Guide To Probiotics For IBS

By Patty Goff


Probiotics are live microorganisms added to food to remain active in the intestine and exert important physiological effects. Ingested in sufficient quantities, can have beneficial effects, such as contributing to the balance of the intestinal microbiota of a host and enhance the immune system. Probiotics for IBS can pass through the digestive tract and feces recovered alive, but also adhere to the intestinal mucosa. They are not pathogenic, except in cases where immunocompromised individuals are supplied.

Containing these microorganisms and therefore fresh pro-biotics are yogurt, other fermented milk products, buttermilk and other. One of the benefits of probiotic foods is improving balance. They help to improve symptoms and problems such as fatigue, trouble defenses, breast feeding and strengthening the immune system.

The consequences of these interactions as a whole, however, are yet to understand. It is believed that probiotics can have several beneficial effects on immune function. They can protect from the pathogenic species through inhibition of growth through competition and, as suggested by some evidence, act on the immune system by increasing the number of cells that produce immunoglobulin, enhancing phagocytosis, increasing the proportion of T lymphocytes and NK cells (Natural Killer).

But the two enzymes present in such products do not play a beneficial role in human organisms because they die as soon as they come into contact with the gastric juices. According to FAO / WHO guidelines, good bacteria are defined only those microorganisms that can demonstrate, when ingested in adequate amounts, exert beneficial functions in body.

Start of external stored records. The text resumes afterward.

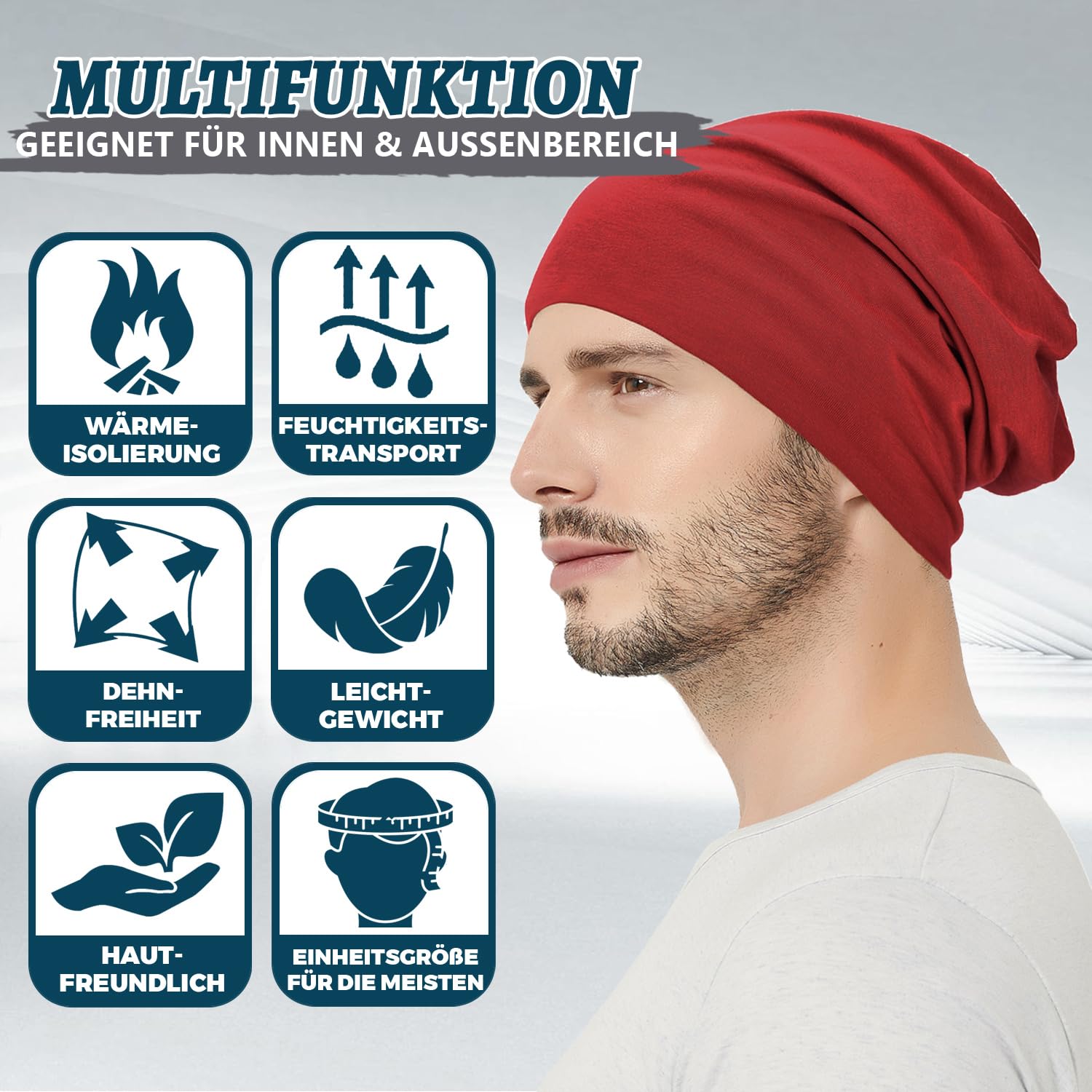 Unsere unisex Baumwoll-Slouchy-Beanie-Mütze ist die perfekte Begleitung für sonnige Sommerstage – mit ihr bleiben Sie den ganzen Tag über cool, bequem und stilvoll. Das entspannte, legere Design macht sie zu einem idealen Accessoire für jede lockere Gelegenheit. Hergestellt aus hochwertiger, atmungsaktiver Baumwolle punktet sie nicht nur mit weicher Tragekomfort, sondern auch mit praktischem Schutz: Die schlaffe Passform bietet ausreichende Abdeckung für Gesicht und Hals, um sie vor schädlichen UV-Strahlen zu schützen. Gleichzeitig sorgt die lockere Form für optimalen Luftfluss, sodass Sie auch an wärmeren Tagen frisch und angenehm bleiben. Ob am Strand, bei Einkäufen oder beim Entspannen im Park – diese vielseitige Mütze passt zu jeder sommerlichen Aktivität. Mit ihrer "Einheitsgrösse für die meisten" ist sie eine praktische Wahl für die ganze Familie: Männer, Frauen und Teens profitieren von der bequemen Passform. Darüber hinaus ist sie maschinenwaschbar – die Pflege ist unkompliziert, sodass Sie Bequemlichkeit und Langlebigkeit die gesamte Saison lang geniessen können.
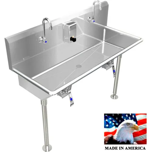 BSM Inc. Stainless Steel Sink, 2 Station w/Knee Operated Faucets Straight Legs 48" L X 20" W X 8" D
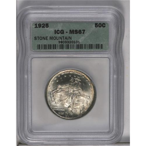 <B>1925<50C> Stone Mountain MS 67 ICG.</B></I> One of the most popular and easily obtainable issues in the lower grades of Uncirculated, the Stone Mountain is an appealing and much needed coin for commemorative collectors in Superb condition. The mint luster is impeccable and mostly brilliant with just a little bit of light golden peripheral toning present.
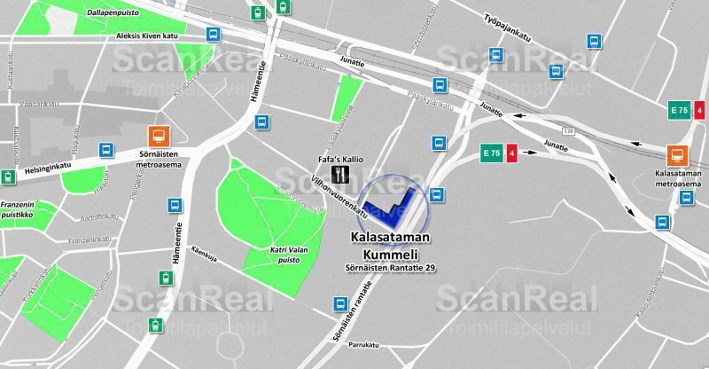 Bussipysäkki 100 m, Metro Sörnäinen 350 m, Metro Kalasatama 700 m, Raitiovaunu 400 m, Helsingin keskusta 3 km, Pasilan juna-asema 3 km, Lentokenttä 18 km
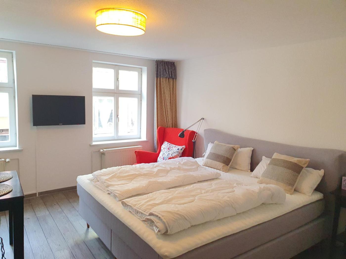 Die in Quedlinburg gelegene Unterkunft Bleibe am Kirchhof befindet sich 800 m von Bahnhof Quedlinburg und 700 m von Altstadt Quedlinburg entfernt. Sie bietet einen Sitzbereich. Kostenloses WLAN ist in der ganzen Unterkunft verfügbar und ein Privatparkplatz ist vor Ort verfügbar.
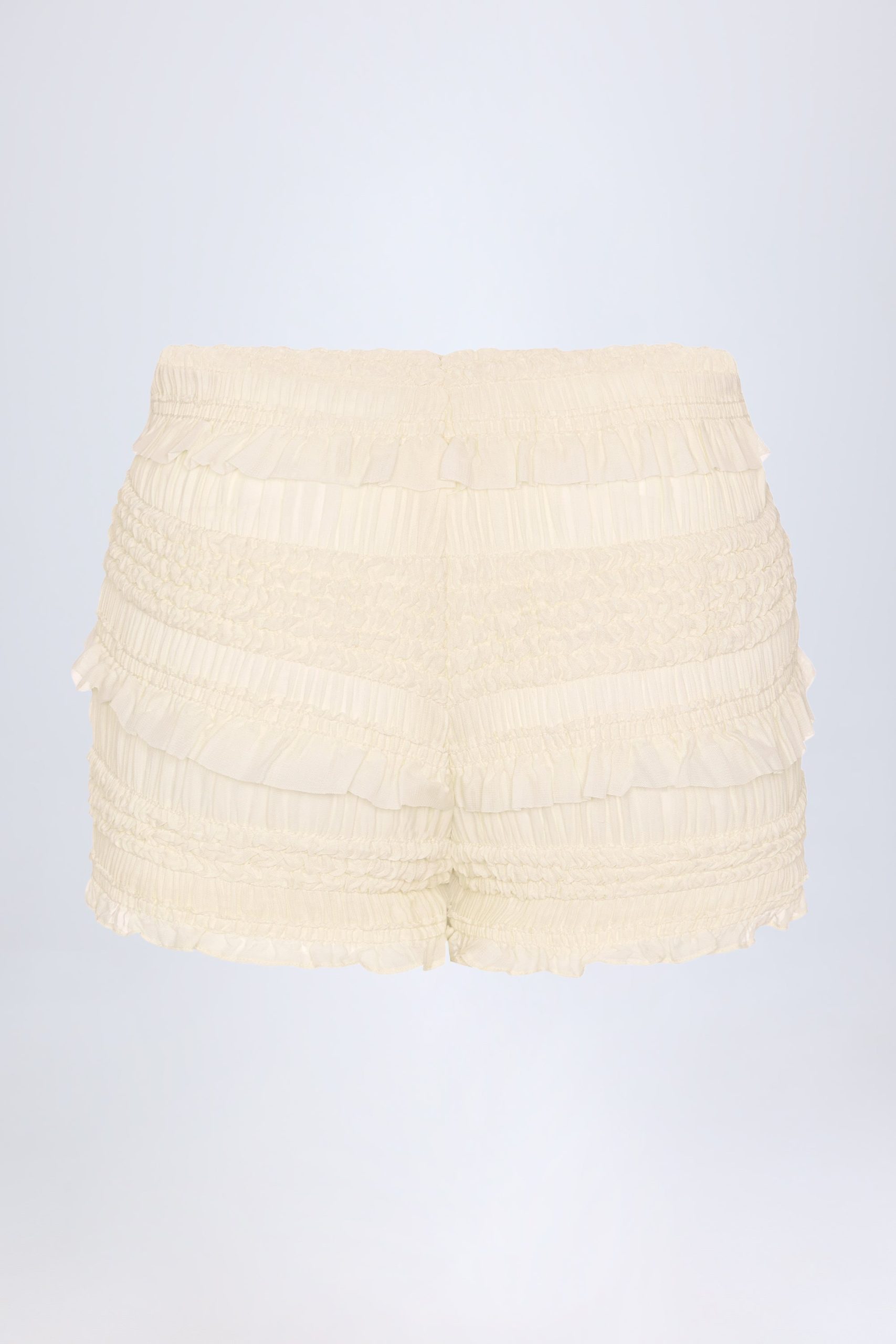 Playful separates. Inspired by cutesy bloomer styles, the Orla shorts are crafted from our custom-designed textured mesh, elevated with ruffle trims, and designed to be styled with the matching top for the perfect festival look. They’re cut for a mid-rise fit and feature a comfortable elasticated waistband.

Probacterias can be used as addition in food (this also includes food, food supplements or dietary foods) or be administered in form of drugs. They are accrued by the prebiotics that have a positive effect (growth stimulation) on already in intestines are in dividend microorganisms and synbiotics, a combination of both. The first observations on the positive effects of probiotics on human health date back to the early twentieth century.

It has been speculated that antibiotics can "mitigate" the immune system, while probiotics him back to a state of alert, more ready to react quickly to new infections. Pro biotics are also useful in reducing the effects of infectious diarrhea in children, especially in Western countries where rotavirus infection is the main cause, and shorten the duration of diarrhea for a few hours or an entire day can be significant.

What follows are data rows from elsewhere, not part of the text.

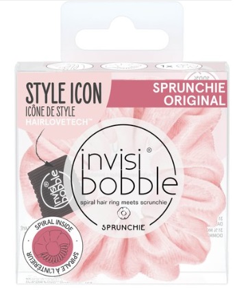 Invisibobble Sprunchie to gumka do włosów, wewnątrz której ukryta została klasyczna Invisibobble Original. Gumki nawiązują stylem do lat 90. Zapewnia wysoki komfort noszenia. Gumka nie ciągnie i nie wyrywa włosów. Sprężynowa konstrukcja sprawia, że gumka utrzymuje się na włosach przez cały dzień, nie niszcząc struktury włosów i nie łamiąc ich. Nie ściska włosów ciasno i nie pozostawia na włosach widocznych śladów. Wykonana z miękkiego materiału, wytrzymała. Gumka pięknie wygląda noszona również jako bransoletka.
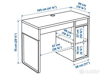 Causa trasloco, vendo scrivania Ikea mod. Micke caratterizzata dalla presenza di 2 cassetti, 1 anta e 1 foro passacavi.
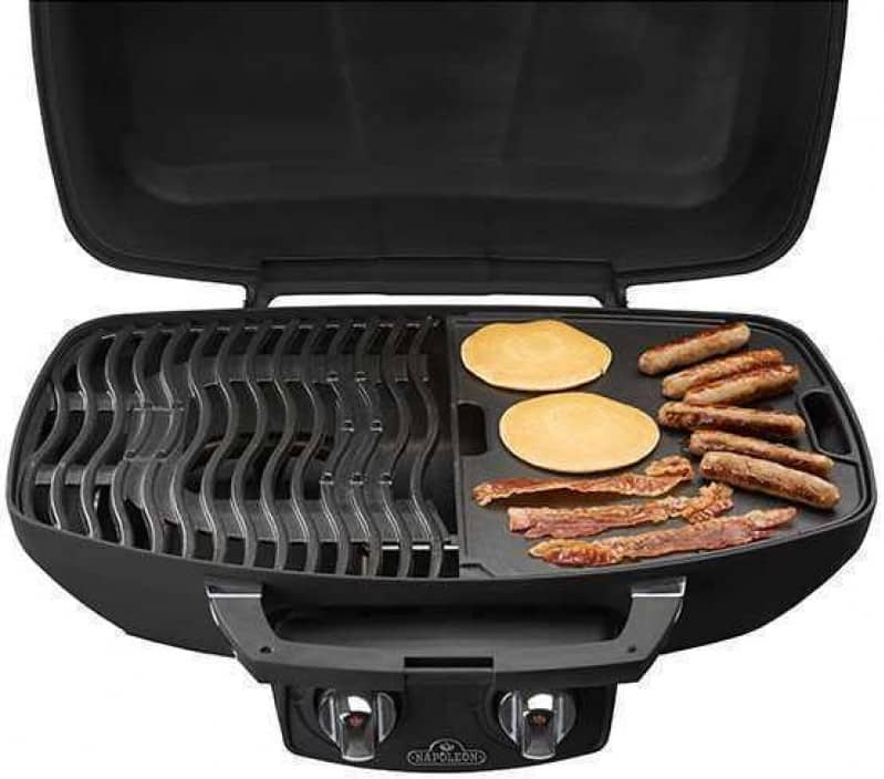 Чугунная двусторонняя поверхность Napoleon для грилей серии TravelQ позволяет использовать газовый гриль как полноценную сковороду.
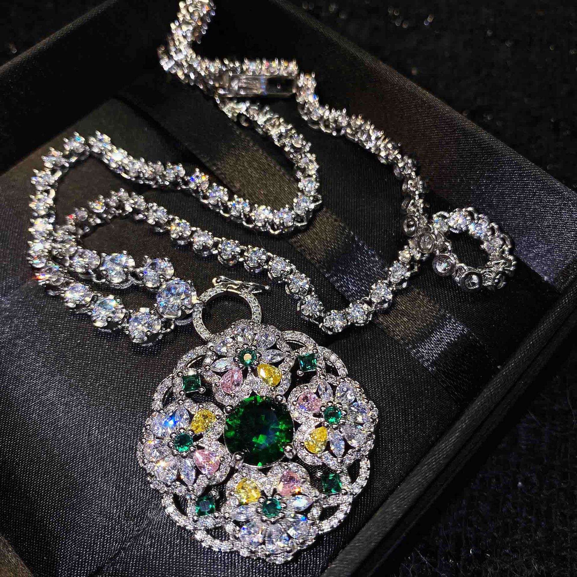 ヤング万能ネックレスメッキ18kプラチナ高級ジュエリー翡翠彩宝碧璽ペンダント共通ネックレス女

A probiotic strain widely studied in this context is that the Lactobacillus rhamnosus GG was able to reduce the duration of infectious diarrhea supported by rotavirus, common pathogen in children and an important cause of hospitalization. The guidelines of the American Academy of Pediatrics 2010, as in 2008 the guidelines (Society for Paediatric Gastroenterology, Hepatology and Nutrition) indicate that for the treatment of acute diarrhea the beneficial effect is strain-dependent and that Lactobacillus GG is to date the most effective probiotic, which already if administered at onset of acute diarrhea, is able to reduce the duration of about 1 day.

There is no evidence that the bacteria that inhabit the intestine (the so-called intestinal microbiota) may modulate the mucosal immune system; some probiotic strains are able to establish a dialogue cross (cross-talk) with the intestinal immune system (GALT, Gut Associated Lymphoid Tissue) and to therefore have an effect on it.